First, we'll start by finding the slope of the given line defined by the equation \(3x = 5y + 3\). We can rearrange it to slope-intercept form \(y = mx + b\).
- Rearranging the equation: \[ 3x - 3 = 5y \] \[ 5y = 3x - 3 \] \[ y = \frac{3}{5}x - \frac{3}{5} \]
From the equation, we see that the slope \(m\) of the given line is \(\frac{3}{5}\).

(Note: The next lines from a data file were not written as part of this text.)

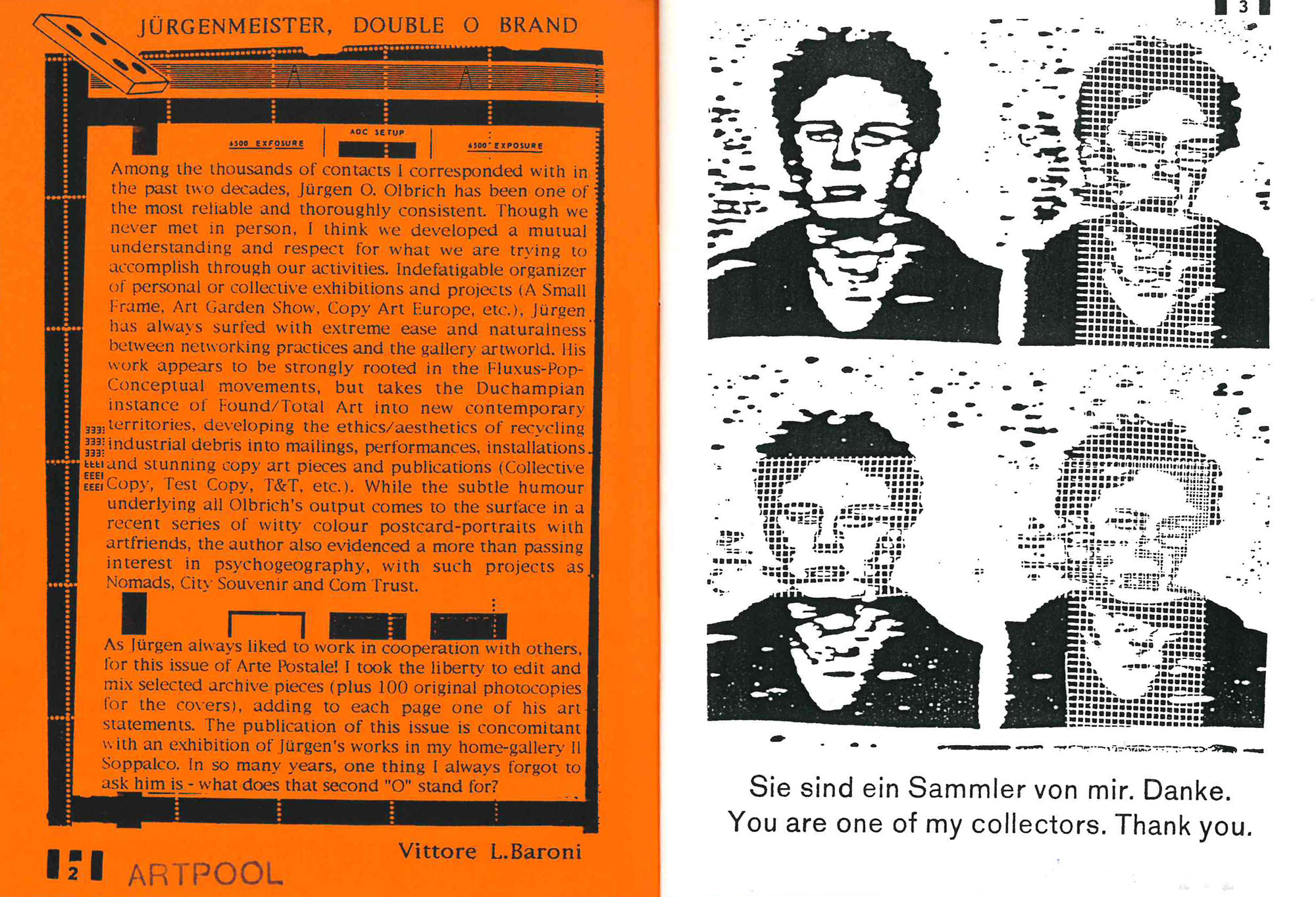 Issue dedicated to Jürgen O. Olbrich, Baroni’s assiduous correspondent, to whom he decided to dedicate an exhibition at Il Soppalco and a monographic issue of AP! The magazine's few pages feature a series of Olbrich's works (photo collages, images, stamps, phrases) stored in Baroni's archive, to which the editor adds statements by the artist in English and German.
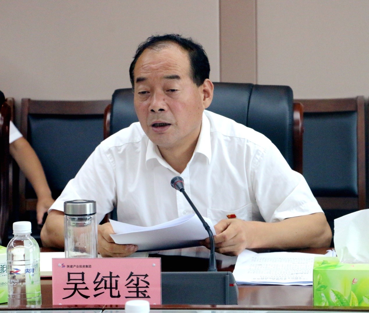 陜建集團(tuán)主題教育第一督導(dǎo)組組長(zhǎng),集團(tuán)黨委書記、董事長(zhǎng)張義光作點(diǎn)評(píng)講話。督導(dǎo)組成員、陜建集團(tuán)黨政辦公室主任蘇健,督導(dǎo)組成員、陜建集團(tuán)后勤事務(wù)管理中心副主任任天峰到會(huì)指導(dǎo)。陜建董事,產(chǎn)投集團(tuán)黨委書記、董事長(zhǎng)吳純璽主持會(huì)議。
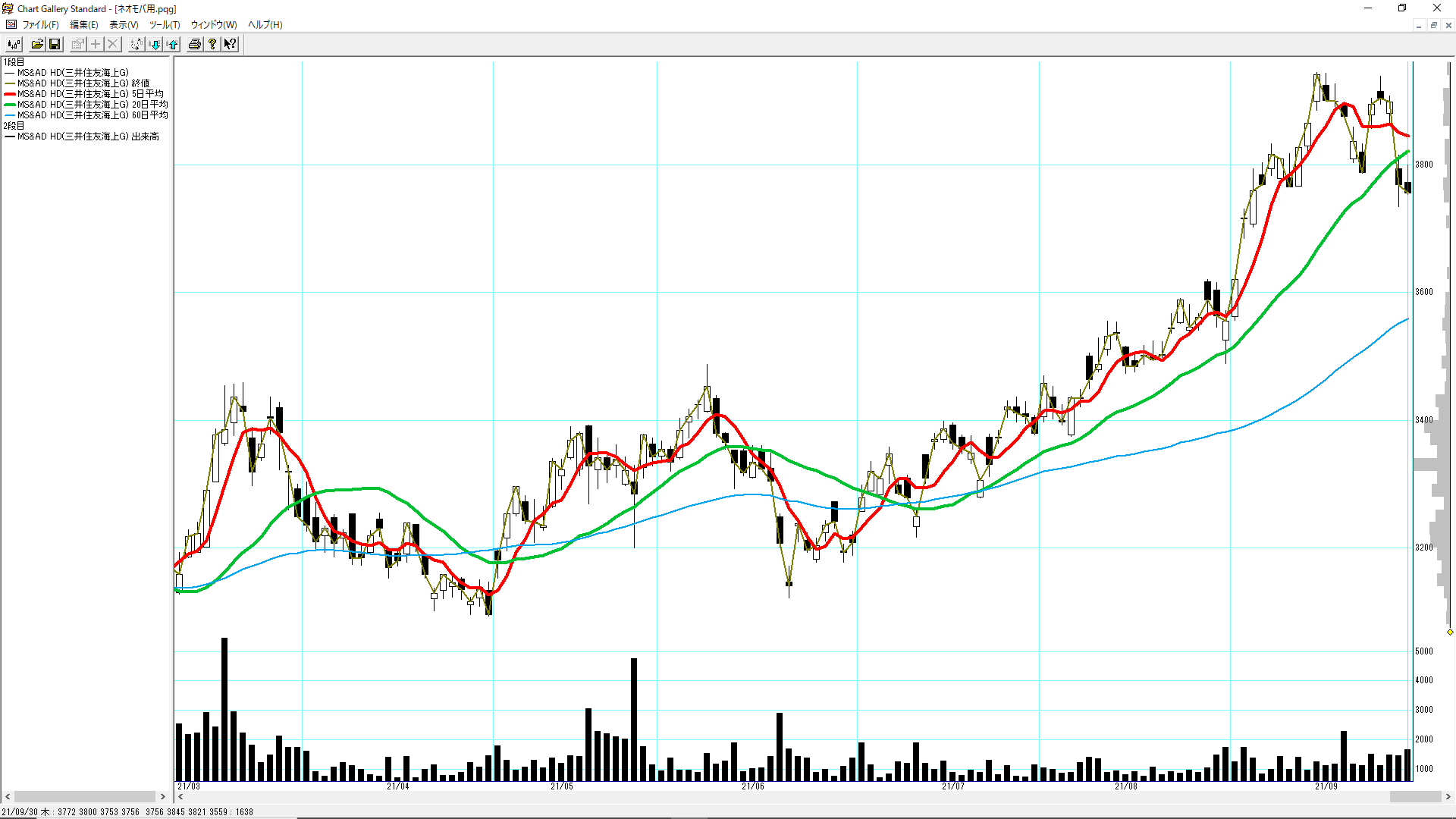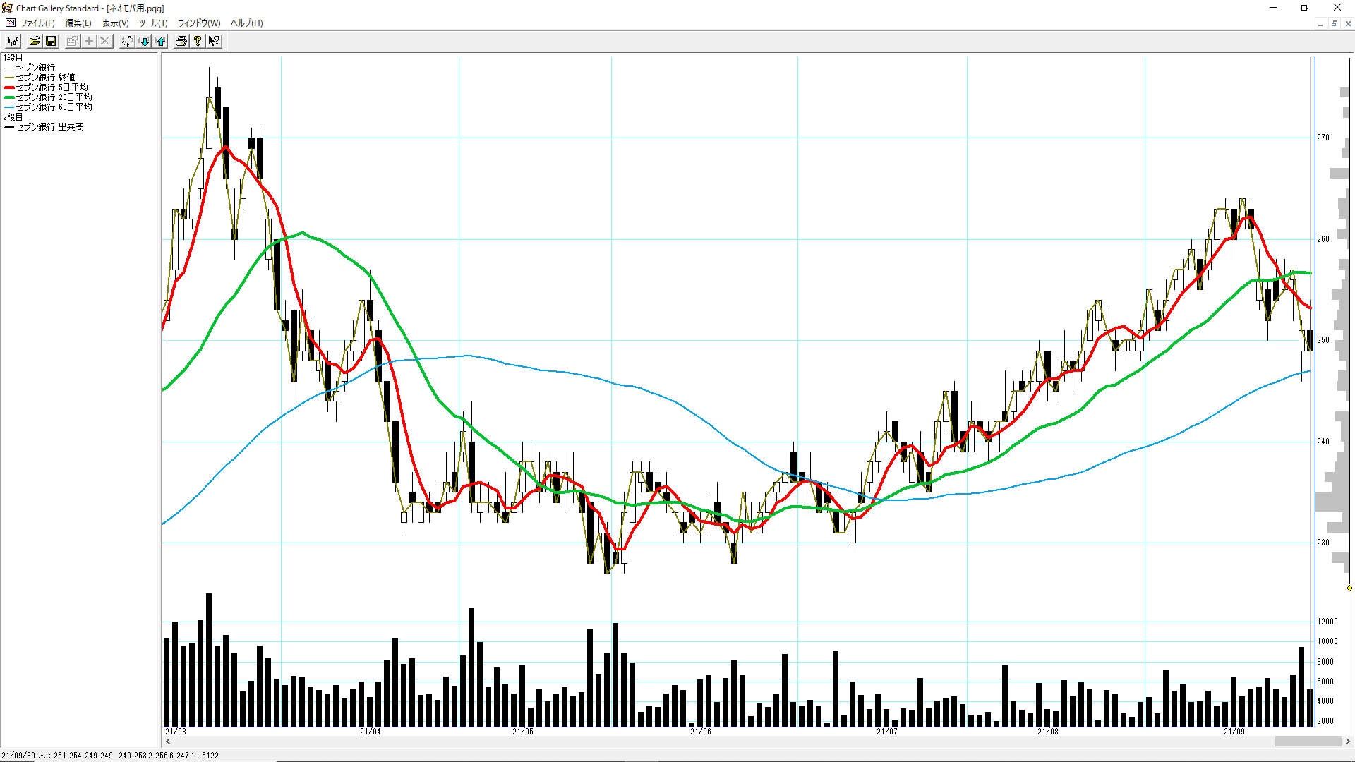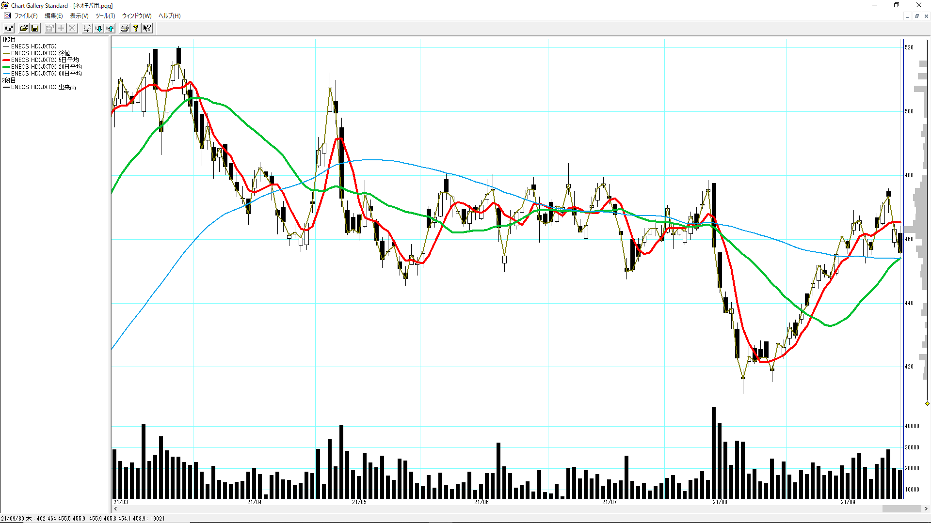 9月に入って保有銘柄はいずれも上昇傾向にあり、購入タイミングがありませんでした。コンスタントに買えていないのは、ちょっと問題かもしれません。[5020]ENEOSホールディングスが9月に入ってから上昇して損益プラスに転じました。

Since we want a line that is parallel to this one, it will have the same slope, \(\frac{3}{5}\). Now we use the point-slope form of the equation of a line, which is \(y - y_1 = m(x - x_1)\), where \(m\) is the slope and \((x_1, y_1)\) is the point the line passes through. Here, \((x_1, y_1) = (5, 2)\).
- Using the point-slope form: \[ y - 2 = \frac{3}{5}(x - 5) \]
Now let's simplify this into slope-intercept form: \[ y - 2 = \frac{3}{5}x - \frac{15}{5} \] \[ y - 2 = \frac{3}{5}x - 3 \] \[ y = \frac{3}{5}x - 1 \]
This is the equation in slope-intercept form: \[ y = \frac{3}{5}x - 1 \]
- Now, we need to convert this to standard form \(Ax + By = C\) with integer coefficients.
Starting from the slope-intercept form: \[ y = \frac{3}{5}x - 1 \] Multiply through by 5 to eliminate the fraction: \[ 5y = 3x - 5 \]
Rearranging gives: \[ -3x + 5y = -5 \]
To write it in standard form with positive coefficients, we can multiply the entire equation by -1: \[ 3x - 5y = 5 \]
So, the final answers are:
In slope-intercept form: \[ y = \frac{3}{5}x - 1 \]
In standard form: \[ 3x - 5y = 5 \]